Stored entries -

=-=-=

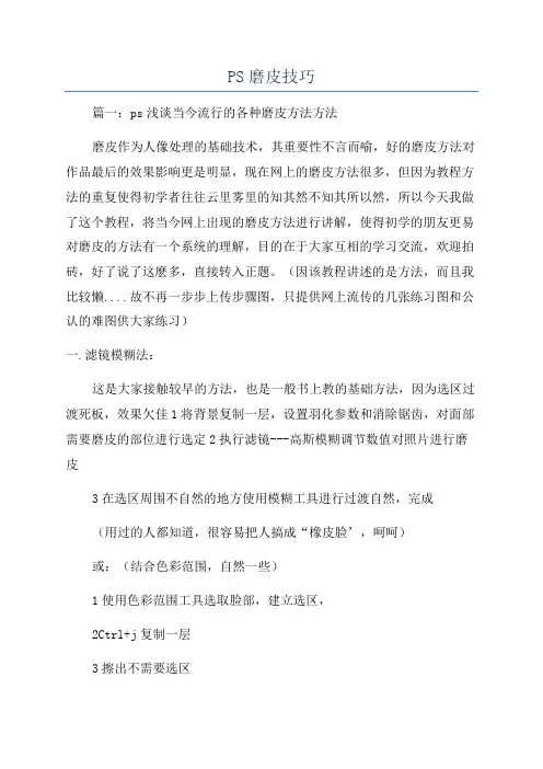 PS磨皮技巧篇一:ps浅谈当今流行的各种磨皮方法方法磨皮作为人像处理的基础技术,其重要性不言而喻,好的磨皮方法对作品最后的效果影响更是明显,现在网上的磨皮方法很多,但因为教程方法的重复使得初学者往往云里雾里的知其然不知其所以然,所以今天我做了这个教程,将当今网上出现的磨皮方法进行讲解,使得初学的朋友更易对磨皮的方法有一个系统的理解,目的在于大家互相的学习交流,欢迎拍砖,好了说了这麽多,直接转入正题。
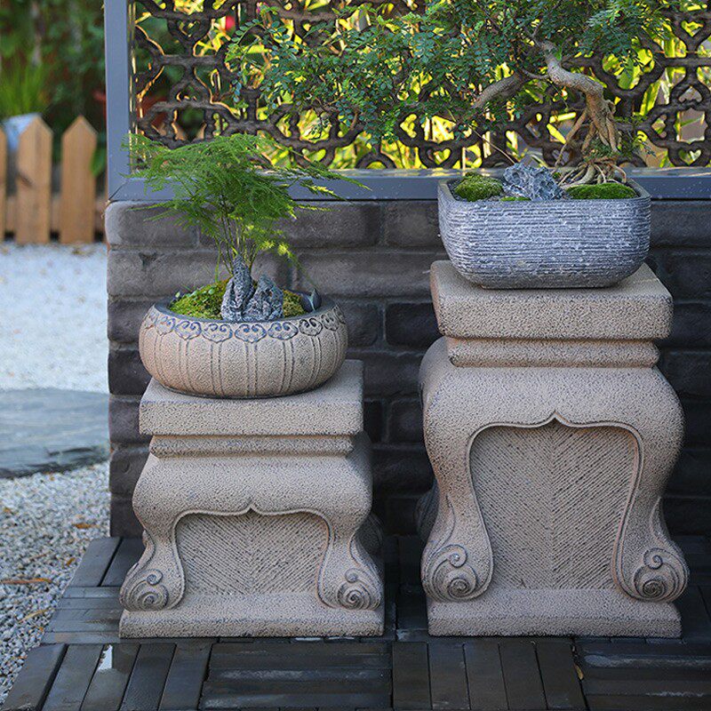 新中式庭院摆件阳台花盆底座四方墩户外实木花架 四方墩庭院装饰
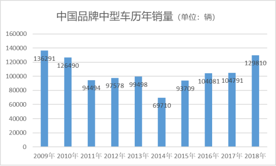 从近十年来自主中型车的发展历程来看,“黄金十年”造就了自主SUV的风靡,却让自主中型车的境况愈发低迷,2018年自主中型车的销量甚至不如十年前。
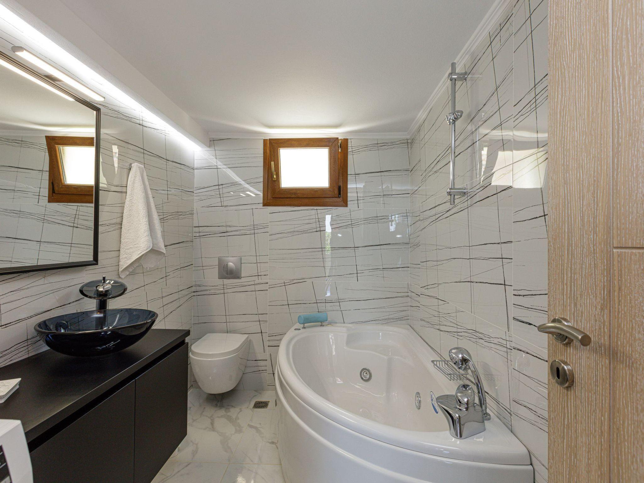 Der Außenbereich der Kampos Villa III kann nur als Sommerfantasie bezeichnet werden! Zunächst einmal gibt es eine Sonnenterrasse mit einem 10x5 großen, beheizten Swimmingpool (50 m2) mit einem 10 m2 großen Kinderbecken, einer überdachten Liegewiese mit Sonnenliegen, Sonnenschirmen und einer Außendusche, auf der Sie den ganzen Tag über die Sonne und die frische Landluft genießen können! Außerdem gibt es eine Sitzecke im Freien und einen schattigen Essbereich im Freien mit Pergola. Zu guter Letzt finden Sie einen aus Stein gemauerten Grill mit einem zusätzlichen Waschbecken, um nach dem Genuss Ihrer hausgemachten Mahlzeiten und dem Essen im Freien aufräumen zu können! Poolheizung: Der Pool kann von März bis Mai, von Oktober bis November und an Tagen mit einer Außentemperatur von weniger als 25 °C beheizt werden. Das Schwimmbad sollte für mindestens 3 Tage pro Zeit beheizt werden. Die Wassertemperatur kann je nach Außentemperatur bis zu 26 °C betragen. Bei Regen kann der Pool nicht genutzt werden.
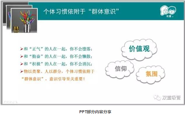 在企業(yè)中,管理的最高境界是自律,而自律就需要每個(gè)人改變自己,繼而形成高度統一的“群體意識”。因此,所有人的習慣都和企業(yè)有很大的關(guān)系,物以類(lèi)聚、人以群分,個(gè)體習慣依附于“群體意識”,意識引導至關(guān)重要!
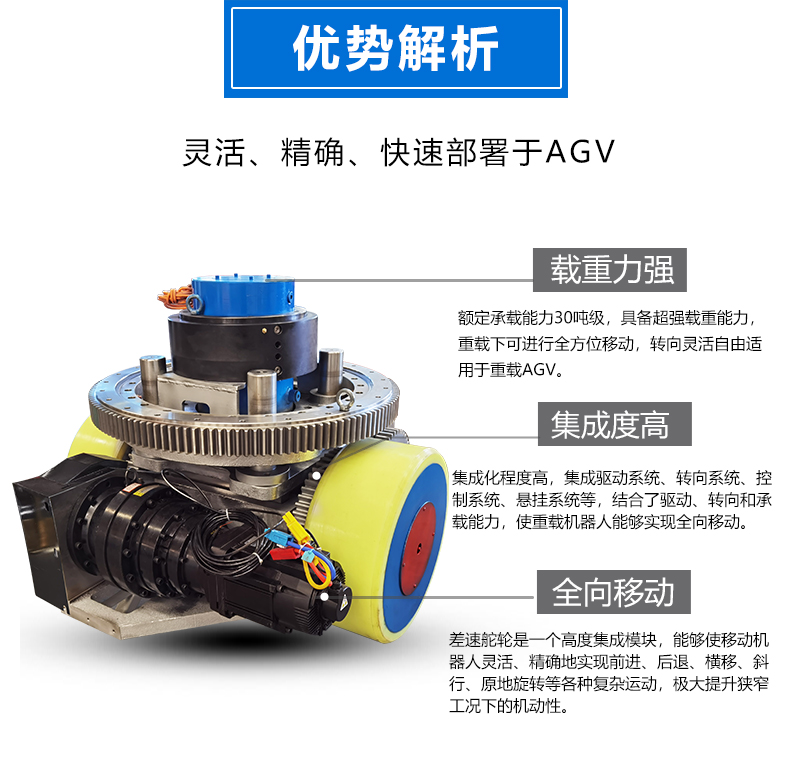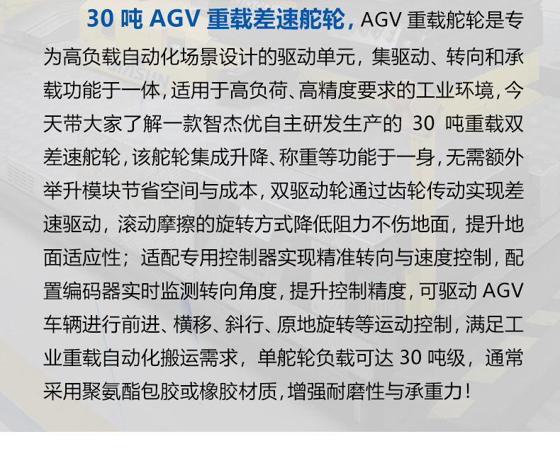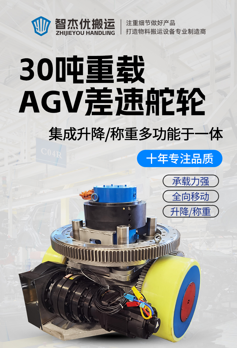 描   述: AGV重載舵輪是專為高負(fù)載自動化場景設(shè)計的驅(qū)動單元,集驅(qū)動、轉(zhuǎn)向和承載功能于一體,適用于高負(fù)荷、高精度要求的工業(yè)環(huán)境,智杰優(yōu)自主研發(fā)生產(chǎn)的30噸重載雙差速舵輪,集成升降、稱重等功能于一身,無需額外舉升模塊節(jié)省空間與成本,雙驅(qū)動輪通過齒輪傳動實現(xiàn)差速驅(qū)動,滾動摩擦的旋轉(zhuǎn)方式,降低阻力不傷地面,提升地面適應(yīng)性。
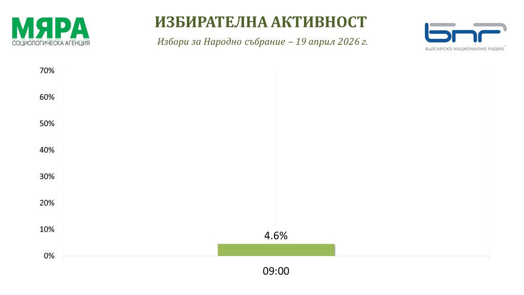 По состоянию на 9:00 ч. средняя явка избирателей по стране составляет 4,6 %, согласно данным социологического агентства «Мяра», партнера БНР в освещении выборов.
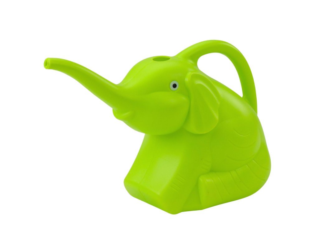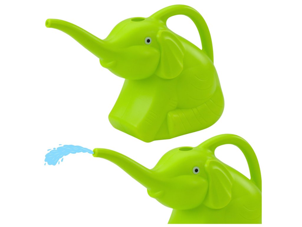 Zelená konev pro děti ve tvaru půvabného slona je kombinací funkčnosti a přátelského designu, který vybízí ty nejmenší k aktivitě venku. Charakteristický tvar s dlouhým kmenem a velkýma ušima dělá zalévání rostlin zábavou, nikoli dřinou. Konev je vybavena pohodlným madlem, díky kterému se dobře drží i těm nejmenším ručkám, a dvěma otvory - na hlavě pro napouštění vodou a v kufru pro zalévání.
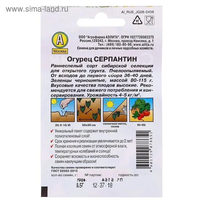 Семена Огурец "Серпантин", "Лидер", пчелоопыляемый, 20 шт.
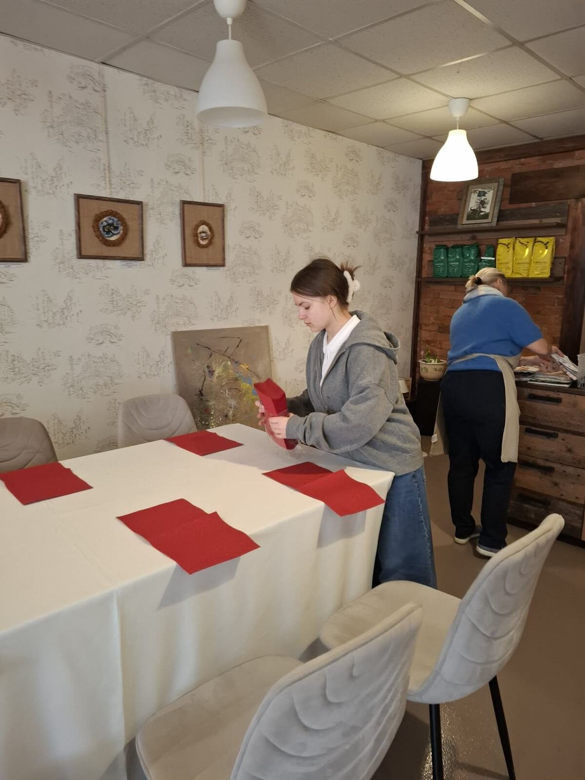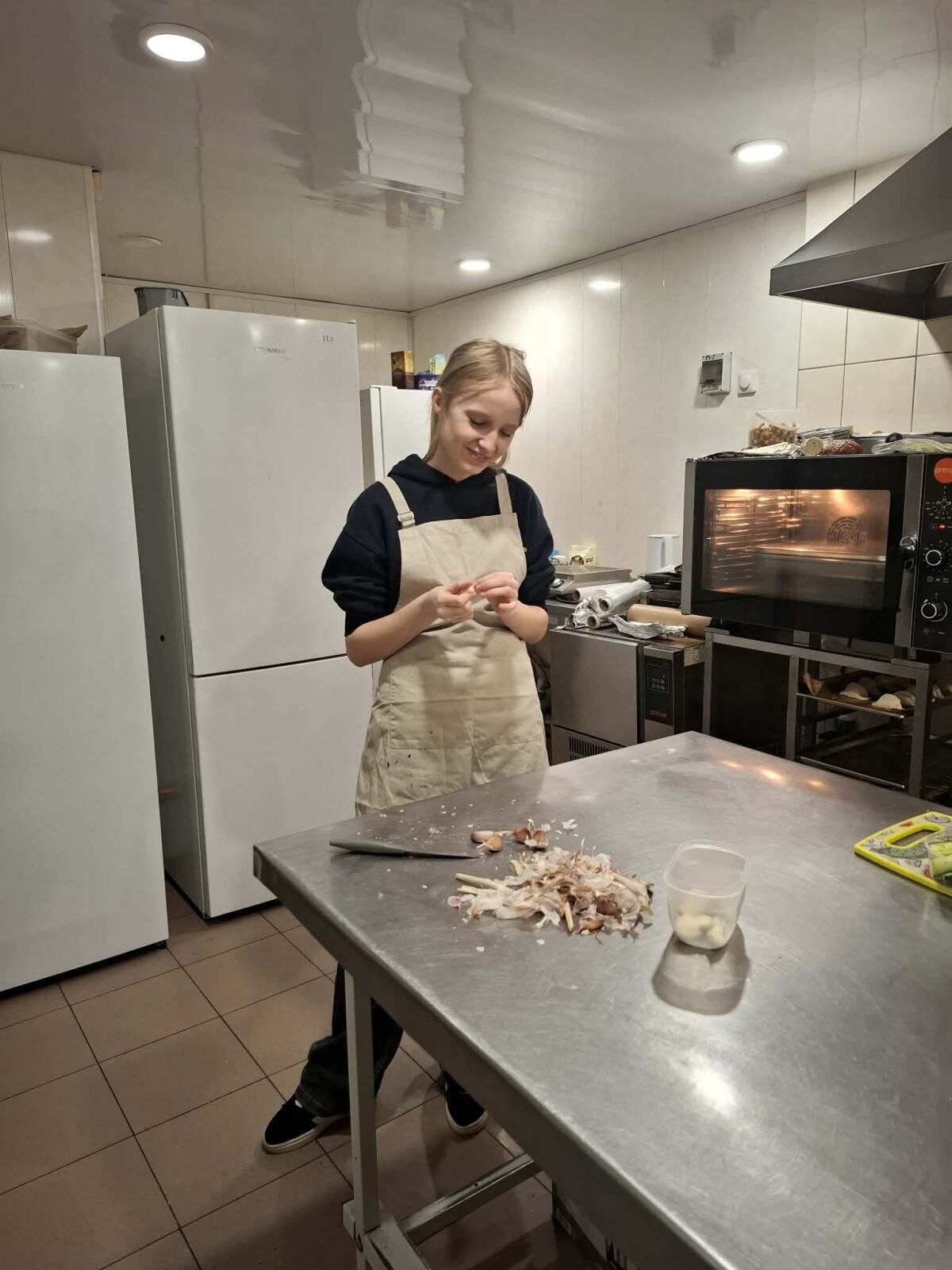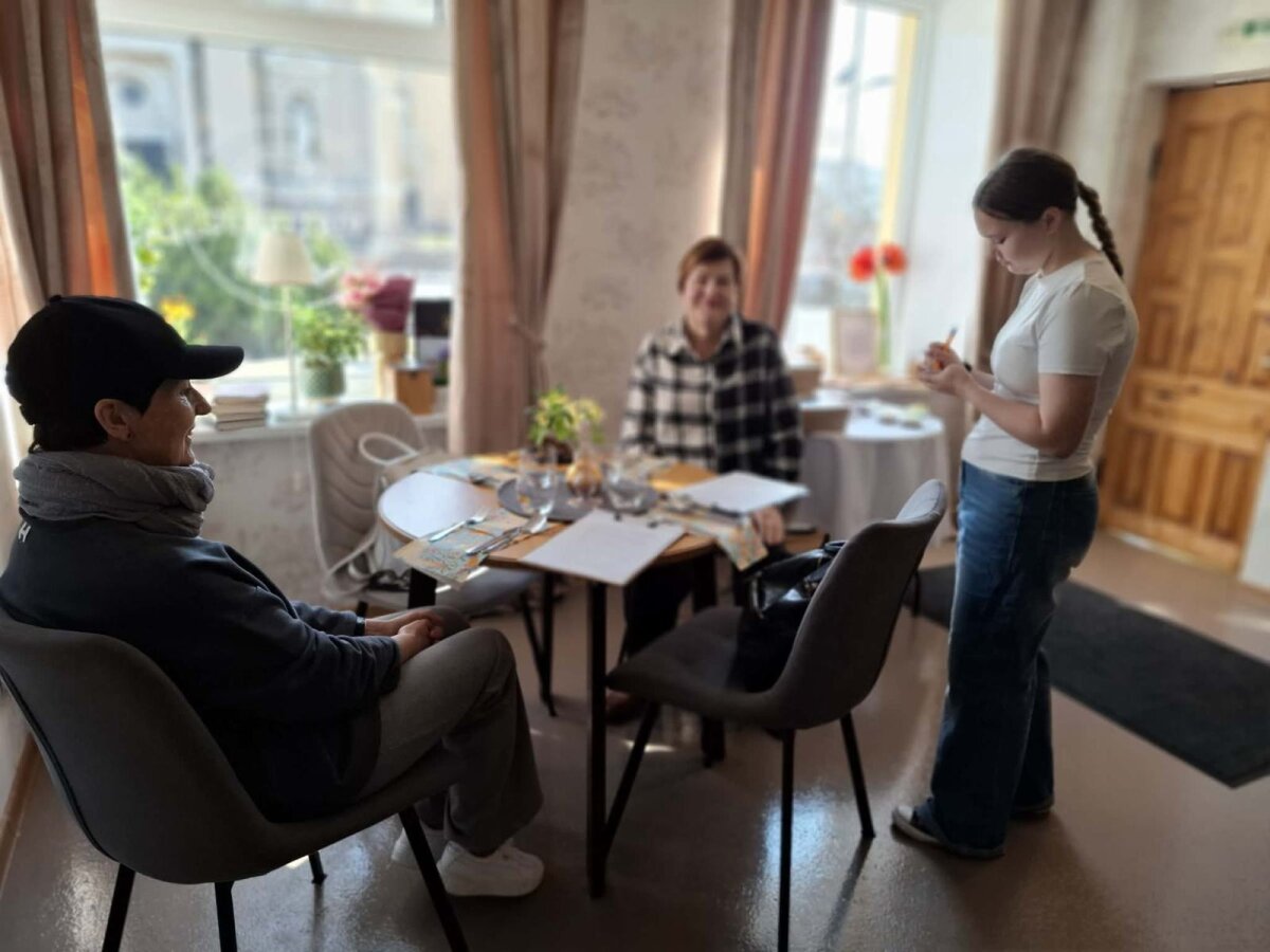 Atvykę į „Virtienių restoranėlį“, susipažinome su darbais, pasiskirstėme pareigomis ir kibome į veiklas. Vieni ruošė patalpas, kiti valė indus ir serviravo stalus, treti atliko užduotis virtuvėje. Vėliau, renkantis klientams, išmėgino savo jėgas aptarnaujant svečius bei ruošiant gaiviuosius gėrimus.
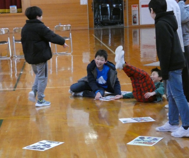 3月3日(月)4年生 6年生と遊ぼう 公開日 2025/03/03 更新日 2025/03/03 4年生 6年生と朝日カルタをして遊びました。体育館に広げられたカルタの中から、見つけ出すのは大変でしたが、6年生と楽しい思い出ができました。 4年生 6年生
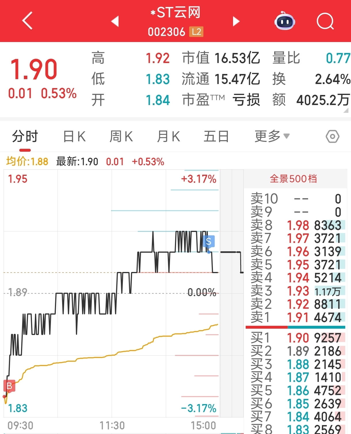 $*ST云网(SZ002306)$ 1.93卖不到,只能卖1.91了,昨天拿了先手,今天T了4%点多,星期一能不能继续低开继续T。
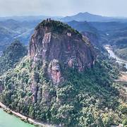 飞天山位于郴州市苏仙区,地跨桥口、许家洞、五里牌三镇,处于资兴市和永兴县之间。风景区由九寨、四坦、三庙、二江、一温泉和一古镇等景区景点组成。
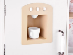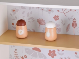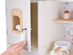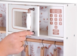 Výbava kuchyňky zahrnuje všechny potřebné doplňky k řízení domova, což umožňuje dětem učit se základní kuchyňské úkony hrou. Retro styl kuchyňky je zárukou elegance, doplněný béžovými prvky a květinovým vzorem na stěnách.

=-=-=

What you should do - Only the lines from the beginning of the records up to and including the line with "新中式庭院摆件阳台花盆底座四方墩户外实木花架 四方墩庭院装饰" should appear, exactly as they are, and no pictures.

Solution -
 PS磨皮技巧篇一:ps浅谈当今流行的各种磨皮方法方法磨皮作为人像处理的基础技术,其重要性不言而喻,好的磨皮方法对作品最后的效果影响更是明显,现在网上的磨皮方法很多,但因为教程方法的重复使得初学者往往云里雾里的知其然不知其所以然,所以今天我做了这个教程,将当今网上出现的磨皮方法进行讲解,使得初学的朋友更易对磨皮的方法有一个系统的理解,目的在于大家互相的学习交流,欢迎拍砖,好了说了这麽多,直接转入正题。
 新中式庭院摆件阳台花盆底座四方墩户外实木花架 四方墩庭院装饰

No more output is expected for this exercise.